5. Empowerment, Voice, and Choice
A trauma-informed employee support strategy seeks to empower staff by providing them with resources and agency within their workplace. An effective approach in this regard can be to initially focus on the resource needs of the least empowered members of the workforce. For example, do the least empowered members of your workforce have adequate access to healthcare? As COVID-19 renders an entire workplace as vulnerable as the most vulnerable person in it, review of healthcare afforded to employees at all levels is warranted. Another resource to provide for returning staff is readily available, culturally responsive counseling services. This can take the form of a referral list of mental health resources, donated hours from local therapists, or providers that are directly contracted by the credit union.
For those preparing to return to office, months of working at home likely revealed, perhaps unexpectedly, that presence at the office is not a necessary requirement for productivity. Providing employees with the ability to blend work from home and office, managed by a schedule of their own making, can provide a helpful level of choice, decision-making, and empowerment.
6. Cultural, Historical, and Gender Issues
A well-designed trauma-informed policy is responsive to the experiences of employees who have been uniquely impacted by the pandemic.

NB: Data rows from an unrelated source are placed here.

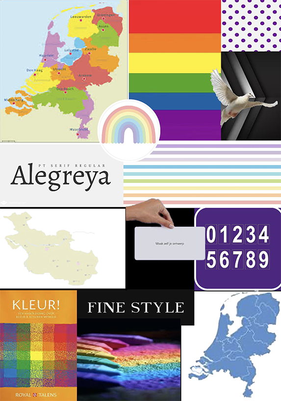 Toen ik alle documenten had afgerond, mocht ik beginnen met het ontwerpen van het bord. Het thema was Paarse Vrijdag. Ik ben begonnen door Nederland over te trekken in Illustrator met behulp van de pen tool. Vervolgens heb ik elke provincie een kleur van de regenboog gegeven, zodat het bord een levendige en betekenisvolle uitstraling kreeg.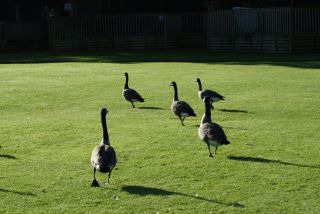 Visiting Canadian Geese add to the hundreds of ducks on the park, all keen to visit you when you sit on the balcony, hoping that you feed them some bread....
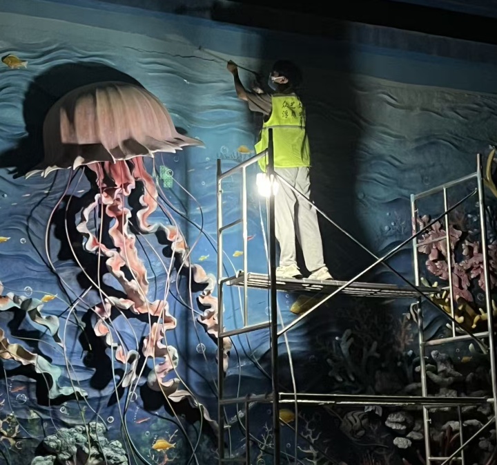 为了完成作品,他们付出了很大的努力。小郭原本恐高,但浮雕创作常需登上十几米高的脚手架,为了不拖累进度,他硬着头皮反复尝试,最终战胜恐惧。“现在已经不恐高了,刚开始还真是挺吓人,但我不能不上呀,总不能一直让小民上。”
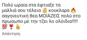 Κάποιοι από τους followers της μάλιστα, πρόσεξαν ξανά αυτή την ομοιότητα ενώ ανέφεραν πως θα ήταν ωραίο να κρατήσει αυτό το μάκρος στα μαλλιά της. Και στο παραπάνω βίντεο με τον κομμωτή της ακούγεται μία συνεργάτης της Έλλης Κοκκίνου να της λέει πόσο εντυπωσιακή είναι με αυτό το look και θα έπρεπε να το διατηρήσει, ωστόσο η ίδια δεν έδειξε μεγάλη θέρμη, αφού ανέφερε πως δεν θα «μπορεί να κοιμηθεί με τόσο μαλλί».
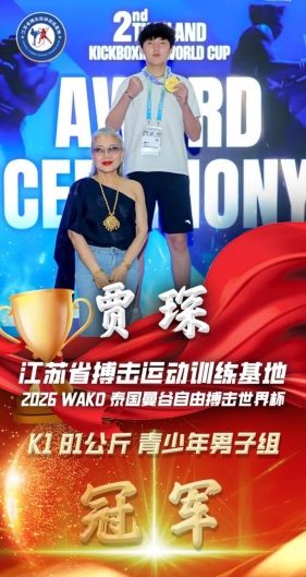 贾琛能够在国际赛场取得优异成绩,离不开学校与训练基地的双重支持。江苏省锡山高级中学实验学校始终坚持五育并举的育人理念,大力支持学生发展体育特长,为贾琛协调学业与训练安排提供了充分保障,鼓励学生在学好文化知识的同时追逐体育梦想。江苏省搏击运动训练基地也为贾琛配备了专业教练团队,针对青少年的身体发育特点定制训练计划,不断打磨技术水平,为此次出征世界杯打下了坚实基础。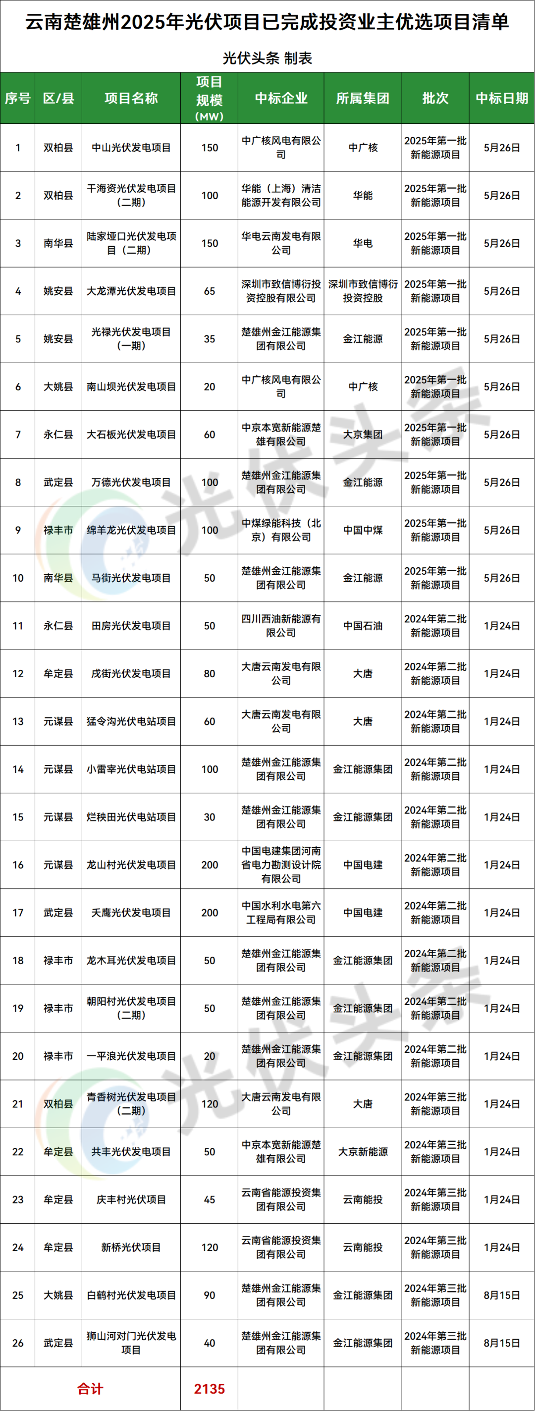 楚雄州元谋县、双柏县、武定县、牟定县、禄丰市、南华县、永仁县、大姚县、姚安县9地光伏项目竞配结果公示,规模共计2135MW;
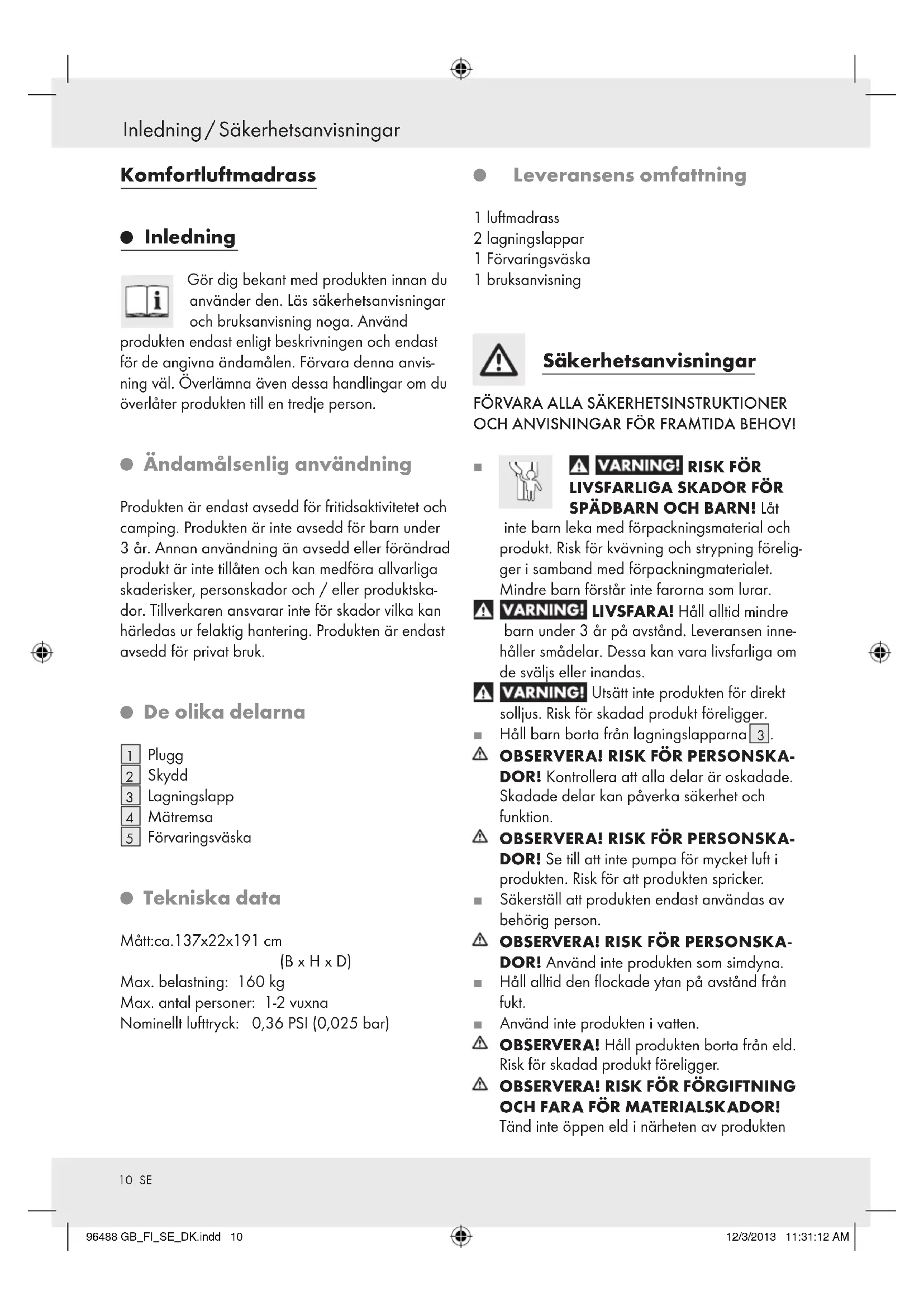 Avfallshantering Förpackningen består av miljövänligt material som kan avfallshanteras vid lokala återvinningsställen. Kontakta miljökontoret på din ort för vidare infor- mation om avfallshantering av förbrukad produkt. 96488 GB_FI_SE_DK.indd 12 12/3/2013 11:31:12 AM13 DK Indledning / Sikkerhedsanvisninger Komfort luftmadras

The full impact of the COVID-19 pandemic upon the American populace is still emerging. It has become apparent however, that the virus is having a disproportionate impact among certain groups. For example, African Americans represent approximately 12% of the US population but account for 24% of all COVID-19-related deaths. They are, in other words, dying at twice their share of the population. In another example, while quarantining at home is beneficial for stopping viral spread, it also confines some individuals to homes impacted by intimate partner violence and child abuse.
A well-designed trauma-informed policy is responsive to the experiences of employees who have been uniquely impacted by the pandemic. Creating spaces organized specifically for staff from underrepresented groups, for example, can effectively encourage peer support. Similarly, self-led ally groups can be educational and action-oriented, while removing the burden for staff from underrepresented groups to lead in these spaces. Participants from both groups could be invited to participate in focus groups tasked with generating inclusive policy recommendations.
In conclusion, keep in mind that the COVID-19 pandemic has exposed employees to a host of traumatic experiences, and ongoing uncertainty can also be a source of stress. In such an environment, an inclusive leadership approach must be empathic to the unique needs of staff and thoughtful about how to address those needs. A trauma-informed approach can provide the guidance necessary to lead during a time of trauma and ongoing uncertainty.